*Collected data*:
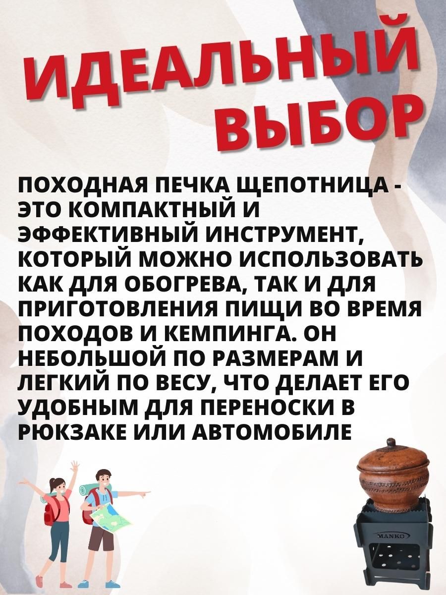 Во время похода, очень важно иметь быстрый способ для приготовления еды. Туристическая печь Элит - это тот недостающий элемент в вашем инвентаре! Это незаменимый атрибут во время вашего похода. Её без труда можно брать с собой на рыбалку, охото или в лес. Печь для туризма поможет вам во время кемпинга. Вы можете готовить и разогревать туристическую пищу возле палатке, а хорошее горение поможет сделать это быстрее. Это мини кухня! В качестве топлива, вы можете использовать щепу, шишки, сухой спирт, дрова. На подставку в виде решетки можно ставить небольшой посуду, чтобы приготовить себе перекус или полноценный обед. Щепочница не имеет дымохода, топка открытого типа. Печь выживайка переносная и разборная. В своём сложенном состоянии не занимает места, что важно во время похода на природу, горы и тд. Чтобы собрать, вам потребуется всего 40 секунд, с этим справится любой: рыбак, турист и даже ребёнок. Для переноски и хранения в комплекте идет качественный чехол. Печь буржуйка от белорусского производителя MANKO. Она выполнена из стали - 1,5 мм. Есть три размера: 8*8*9см, 12*12*15см и 16*16*18см. Печь простая и намного дешевле своих газовых аналогов. Дровяная мини печь должна быть в вашем снаряжении в походе. Похожие товары вы можете посмотреть в нашем магазине! Также у нас есть товары для рыбалки, туризма.
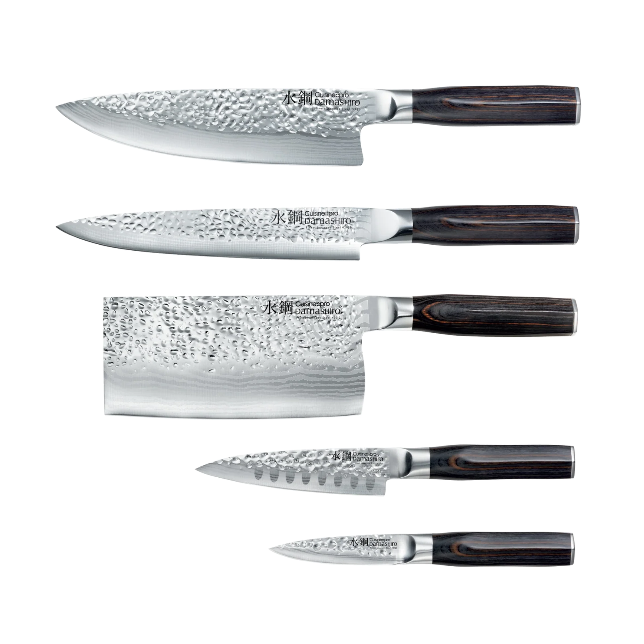 This 7-piece knife block brings together a comprehensive selection of premium knives made from Japanese 420J2 stainless steel. Each blade, with its tsuchime hammered finish, is presented on a tempered glass stand with pakkawood magnets to hold the knives in place.
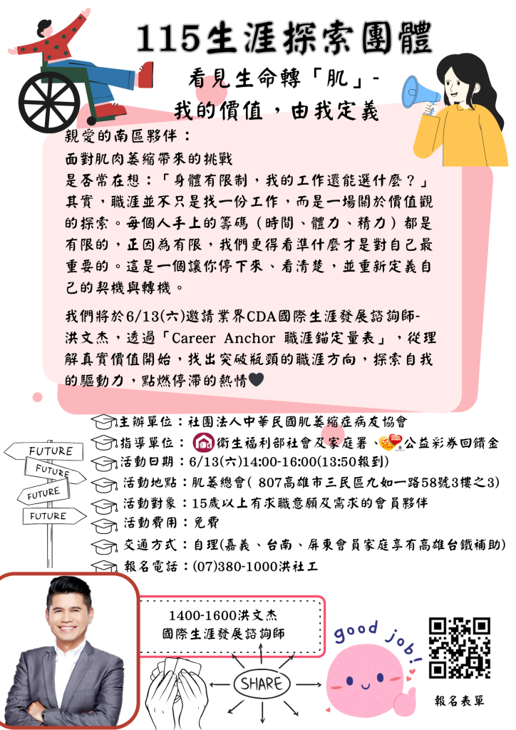 我們將於6/13(六)邀請業界CDA國際生涯發展諮詢師-洪文杰,透過「Career Anchor 職涯錨定量表」,從理解真實價值開始,找出突破瓶頸的職涯方向,探索自我的驅動力,點燃停滯的熱情

*Task brief*:
Would you reproduce the lines from the one with "This 7-piece knife" through the final line of the data above, exactly and only those, without any pictures?

*Reply to the task*:
 This 7-piece knife block brings together a comprehensive selection of premium knives made from Japanese 420J2 stainless steel. Each blade, with its tsuchime hammered finish, is presented on a tempered glass stand with pakkawood magnets to hold the knives in place.
 我們將於6/13(六)邀請業界CDA國際生涯發展諮詢師-洪文杰,透過「Career Anchor 職涯錨定量表」,從理解真實價值開始,找出突破瓶頸的職涯方向,探索自我的驅動力,點燃停滯的熱情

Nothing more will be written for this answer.